The manner in which she smoked her cigarette could only be described as reverent. Her slow motions were pure dance.

A Guide to the Cinematic Life had a whole chapter devoted to the art of smoking.

Thinking ordinarily, smoking is a vice that is hazardous to your health, and is thus limited, regulated and censured by society. In spite of that, or precisely because of that, it is also an indispensable part of the cinematic way of life.

What would the films of Wong Kar-wai, Godard, Truffaut or Kaurismäki be without scenes of smoking? How successful would Irving Rapper’s melodrama Now, Voyager have been if someone had cut the scenes where Paul Henreid lights two cigarettes and hands one to Bette Davis! It’s easier to imagine Charlie Chaplin without a moustache than it is to imagine Humphrey Bogart, Tony Leung or Matti Pellonpää without cigarettes. A lit cigarette is an aesthetic element comparable to music, with a power of expression when used in dialogue that should not be underestimated. Like any tool, however, it takes practice to learn to use it correctly so that the effect created is the one intended.

The following pages discuss various smoking techniques and situations, and examine how smoking can be used as an indicator of your persona and message.

(Smoking photo spread: Tony Leung in In the Mood for Love. Humphrey Bogart and Lauren Bacall in The Big Sleep. Bebe Daniels in My Past. Lauren Bacall in Confidential Agent. Ida Lupino in Road House. Bette Davis and Paul Henreid in Now, Voyager.)

As he approached the table, Olli examined the woman’s profile. He noticed now that from a certain angle she resembled the silhouette of the smoking umbrella vendor. If he could commission a painting of Greta Kara and hire any artist, living or dead, Gustav Klimt would have been the best choice.

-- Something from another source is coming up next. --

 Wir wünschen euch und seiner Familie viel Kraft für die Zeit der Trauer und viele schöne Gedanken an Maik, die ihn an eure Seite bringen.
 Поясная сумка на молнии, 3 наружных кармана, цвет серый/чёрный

Greta Kara didn’t otherwise look familiar to him. Her hair was gold blonde, as he had thought—the same colour as Maura’s at Jyväskylä Umbrella. Her dress also corresponded with his expectations. But in a crowd, he wouldn’t have recognized her face. He dreamt about it every night, but now that he was actually seeing it, it was the face of a stranger. He was both saddened and relieved.

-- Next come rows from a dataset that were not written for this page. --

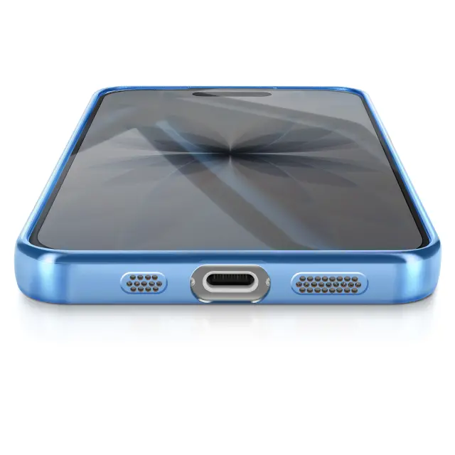 Združljiv z MagSafe z vgrajenim magnetnim obročem. Zanesljiva zaščita pred praskami, udarci in manjšimi padci. Elegantna kromirana obdaja za sodoben, vrhunski zaključek. Prozorna lupina, ki poudarja izvirno zasnovo pametnega telefona.
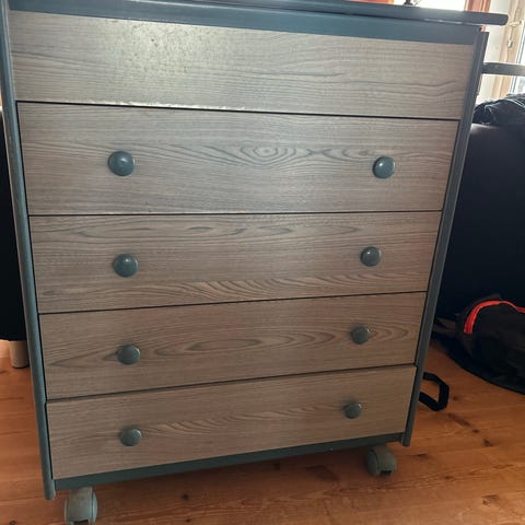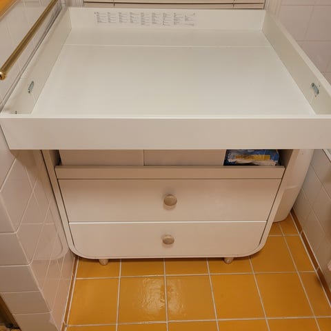 Stellekommode med integrert badekar og flere skuffer for oppbevaring. Øvre del har badekar med formet liggeflate og rominndeling for såpe og småting. Underdelen består av kommode med flere skuffer med håndtak for praktisk lagring av babyutstyr og tekstiler. Enheten står på hjul, noe som gjør den enkel å flytte ved behov. Nøytral lys farge som passer inn i de fleste barnerom og baderom.
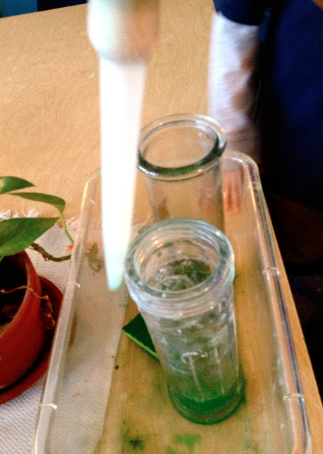 Turkey baster to squeeze colored water from one container to another.

Now he was close enough to smell her perfume and trailing cigarette smoke. He was close enough to see her clearly. But he still hesitated, afraid he might be confusing her with someone else. Which was ridiculous. Who else could it be?

The woman was still looking at the view. That was how he knew that she was Greta. She wanted to punish him one last time. If it were someone he didn’t know, she would have already glanced up to see who was approaching. Olli said hello.

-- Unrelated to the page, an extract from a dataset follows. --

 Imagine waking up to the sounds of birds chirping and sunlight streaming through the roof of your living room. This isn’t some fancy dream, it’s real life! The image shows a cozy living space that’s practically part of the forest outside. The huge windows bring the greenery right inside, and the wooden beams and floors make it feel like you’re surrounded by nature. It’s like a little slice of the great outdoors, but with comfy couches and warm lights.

The woman’s head turned slowly.

Their eyes met.

“Olli.”

A cloud of smoke escaped from between her lips.

She put out her cigarette in the ashtray and smiled. Olli sat down, leant his briefcase against a leg of the table and smiled back. It was hard to look her in the eye.

“A pleasant evening,” Olli said.

“Yes,” Greta answered. “A good evening to sit together and talk about books and cities. And a good place for it.” She paused, then added dramatically, “The city is at our feet.”

She smiled ironically. Olli sensed that she hadn’t yet forgiven him for his earlier bungle. She was probably waiting to see how this meeting would go. Olli gathered his thoughts, ready to behave as he was expected to behave.

First of all he had to be an adult, dignified and self-confident, like the head of a publishing house, which was what he was.

Second, he should be a polite, friendly, respectful person; an editor who was meeting with a writer important to the firm, aware of his responsibility to make sure that she stayed with them, and aware that her sales could assure the daily bread of a large number of people.

Third, of course, was to be warm and attentive—they were, after all, old friends.

Olli remembered that they hadn’t hugged, or even shaken hands. It left an uncomfortable distance between them. It was too late to correct it. The next natural moment for it would be when they parted.